TASK GOAL
What you return should be every line below, word for word, and none of the images.
____________________
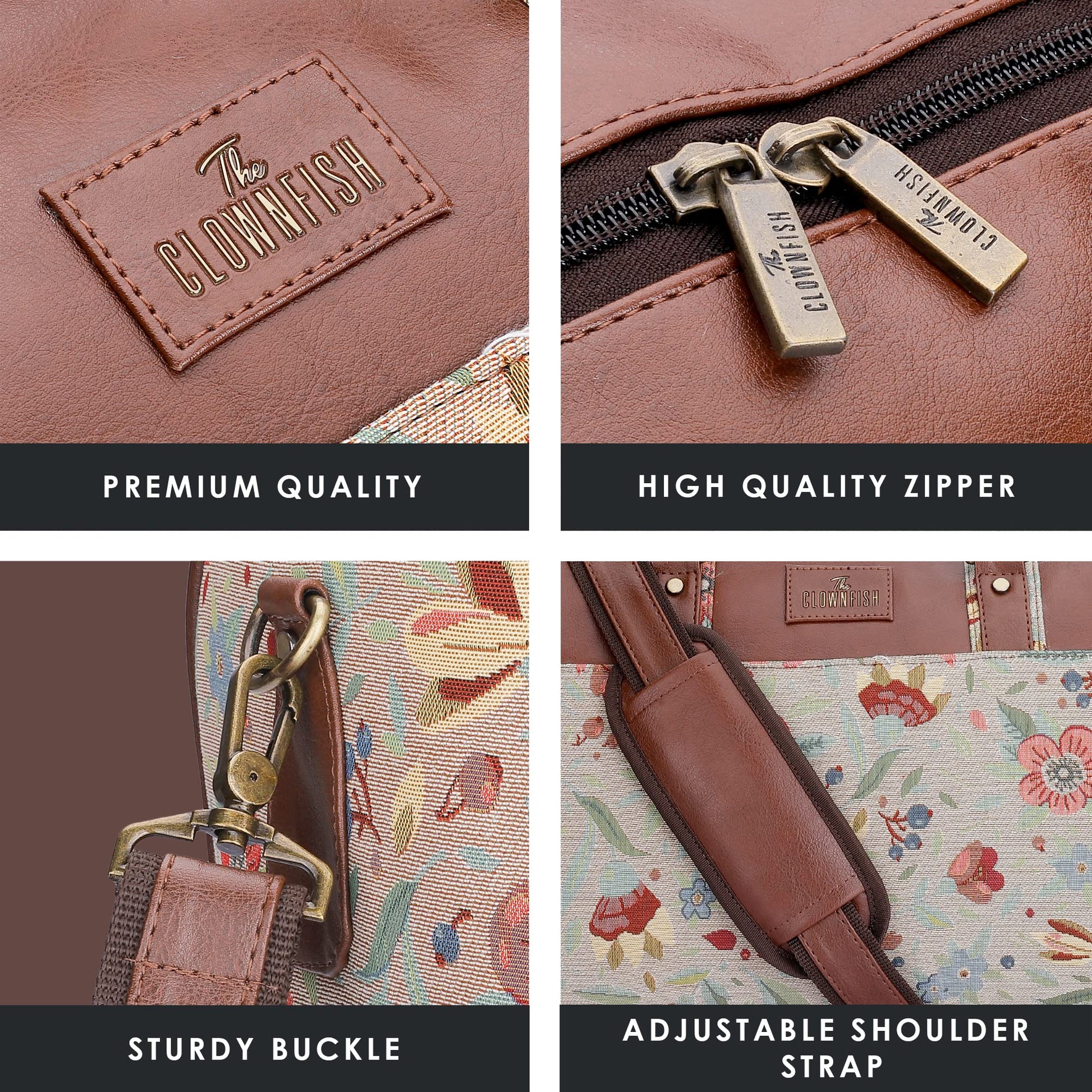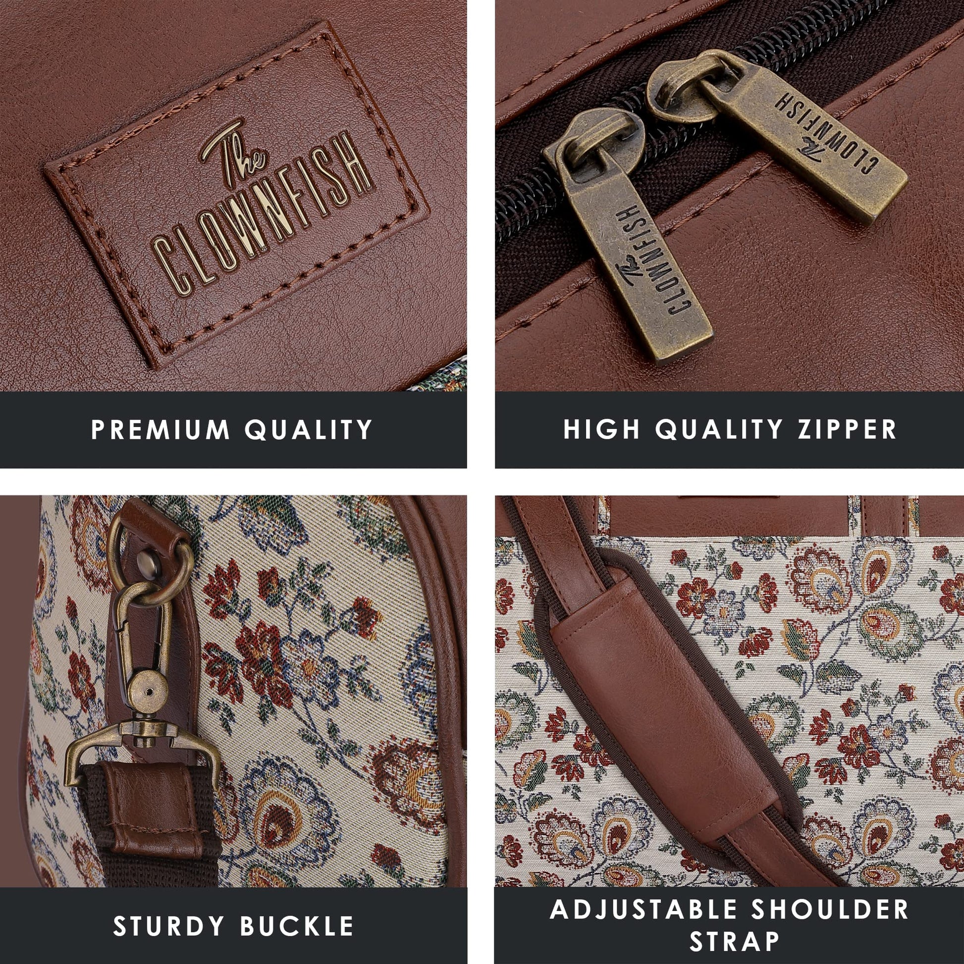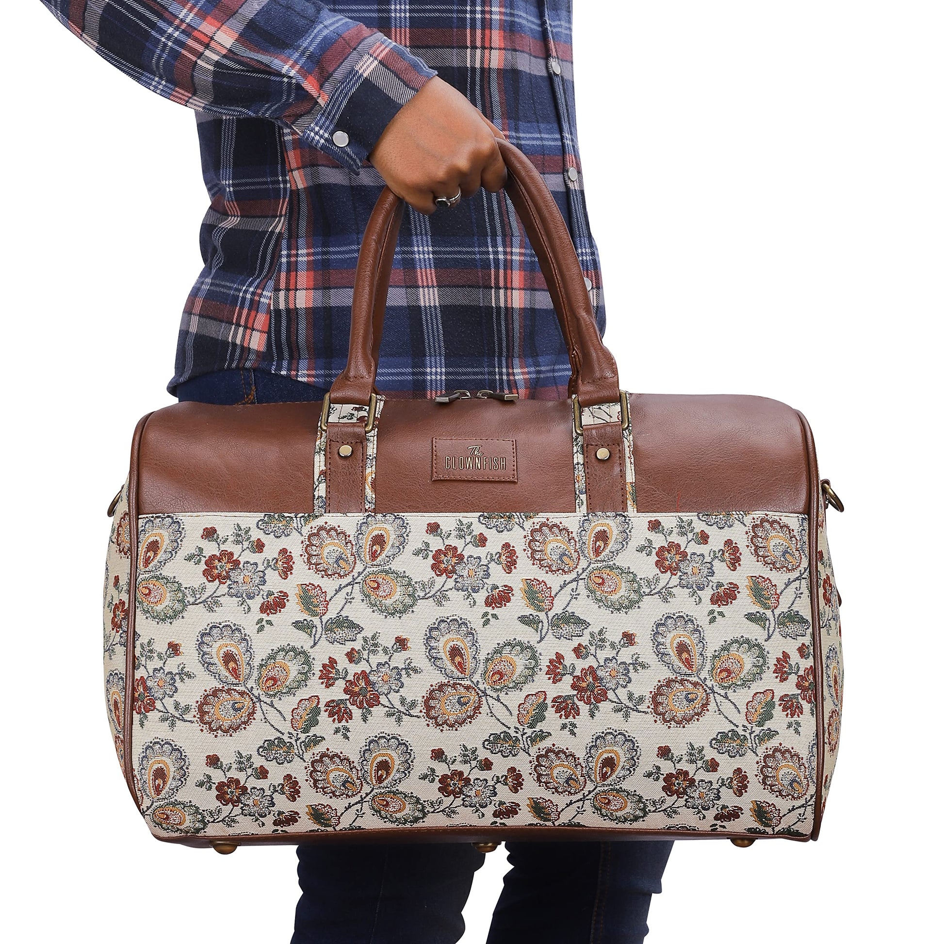 The Clownfish Brooklyn 32 Litres Tapestry with Faux Leather Unisex Travel Duffle Bag Weekender Bag
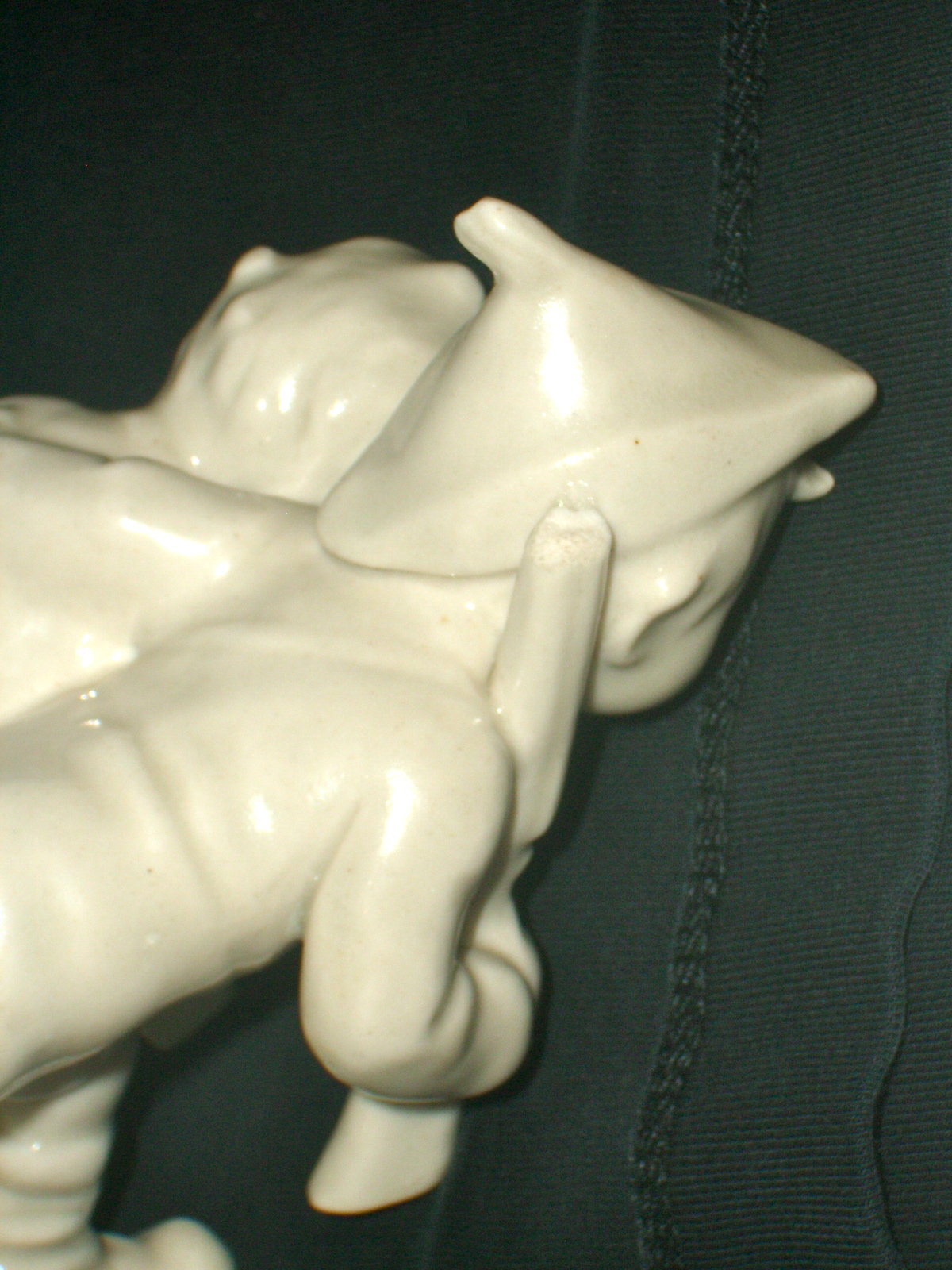 I cannot find any information about this Hummel figurine and was wondering if anyone had heard of it. My Grandmother was German, and lived in occupied Germany after WW II. She collected Hummels while she was there, directly from "The Nuns" she would say. This one, and a few others like it, she said were mistakes, but they were her favorite type.
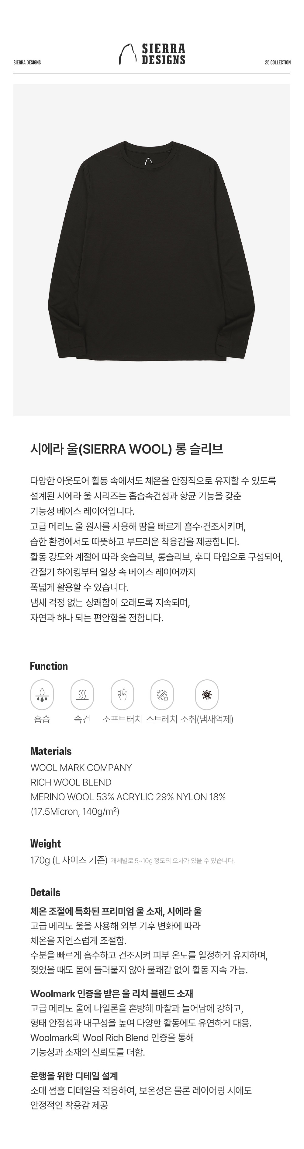 시에라디자인 시에라 울 롱 슬리브 블랙
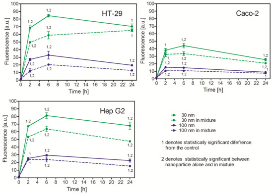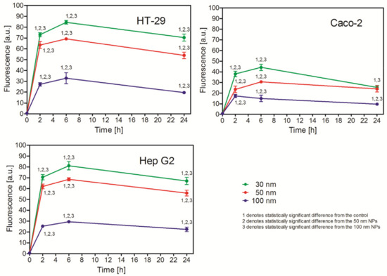 2.3. Uptake of PS NPs of Different Size by HT-29, Caco-2, and Hep G2 Cells
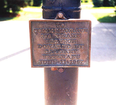 TO COMMEMORATE 100 YEARS SERVICE DONATED BY CALGARY VETERANS JUNE 11 1967
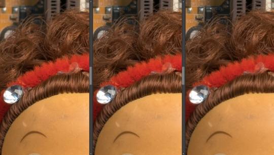 首先,笔者上图是70mm各级光圈画质的比较,基本上中央画质从F5.6开始就已经非常锐利了,被拍摄的娃娃从发丝到发卡的细节都被完好保留。这样峰值的锐度表现一直持续到F16,此间的各当光圈都有非常优异的表现能力。但是F22和F4的表现基本相同,整体看起来有些下降,这样的情况我们从之前的MTF曲线也可以遇见,还是在接受范围之内。
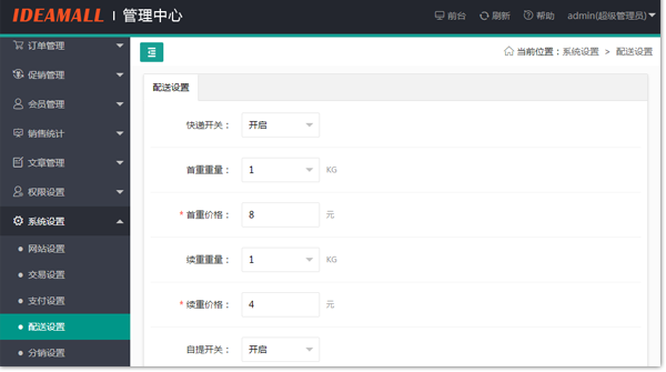 可在后臺自由開啟,同時(shí)開啟后,本地用戶可選擇自提,外地客戶選擇快遞。讓取貨方式更加多樣化!
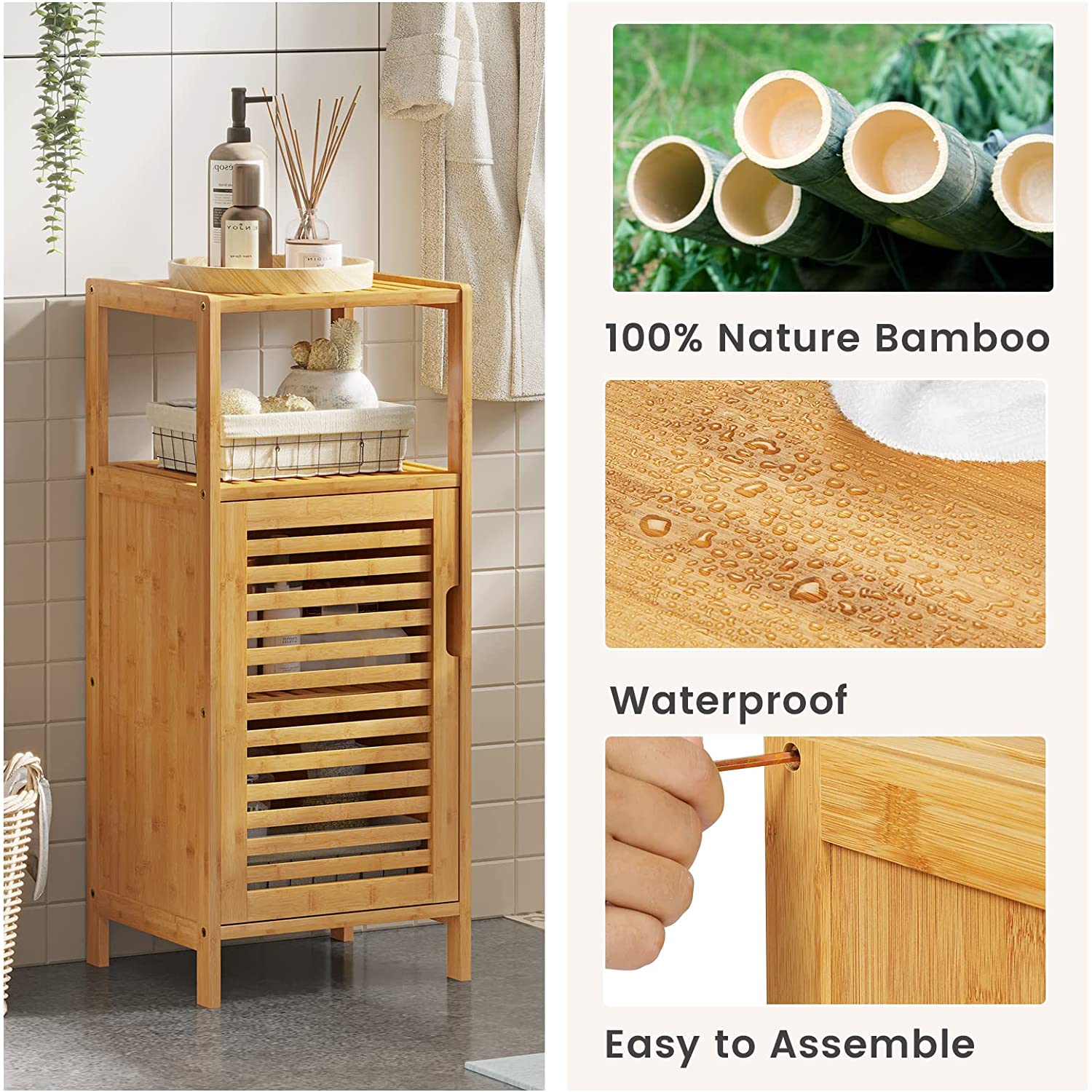 - THOUGHTFUL DETAILS PROCESSING: 3 POLISHING PROCESSES and VARNISH TREATMENTS makes the bamboo bathroom cabinet surface SMOOTH; It is specially designed for humid occasions, perfect storage for bathroom and kitchen; Routine maintenance is also simple, you only need a wet towel to get rid of the dirt or grease.
____________________
OUTPUT BELOW
 The Clownfish Brooklyn 32 Litres Tapestry with Faux Leather Unisex Travel Duffle Bag Weekender Bag
 I cannot find any information about this Hummel figurine and was wondering if anyone had heard of it. My Grandmother was German, and lived in occupied Germany after WW II. She collected Hummels while she was there, directly from "The Nuns" she would say. This one, and a few others like it, she said were mistakes, but they were her favorite type.
 시에라디자인 시에라 울 롱 슬리브 블랙
 2.3. Uptake of PS NPs of Different Size by HT-29, Caco-2, and Hep G2 Cells
 TO COMMEMORATE 100 YEARS SERVICE DONATED BY CALGARY VETERANS JUNE 11 1967
 首先,笔者上图是70mm各级光圈画质的比较,基本上中央画质从F5.6开始就已经非常锐利了,被拍摄的娃娃从发丝到发卡的细节都被完好保留。这样峰值的锐度表现一直持续到F16,此间的各当光圈都有非常优异的表现能力。但是F22和F4的表现基本相同,整体看起来有些下降,这样的情况我们从之前的MTF曲线也可以遇见,还是在接受范围之内。
 可在后臺自由開啟,同時(shí)開啟后,本地用戶可選擇自提,外地客戶選擇快遞。讓取貨方式更加多樣化!
 - THOUGHTFUL DETAILS PROCESSING: 3 POLISHING PROCESSES and VARNISH TREATMENTS makes the bamboo bathroom cabinet surface SMOOTH; It is specially designed for humid occasions, perfect storage for bathroom and kitchen; Routine maintenance is also simple, you only need a wet towel to get rid of the dirt or grease.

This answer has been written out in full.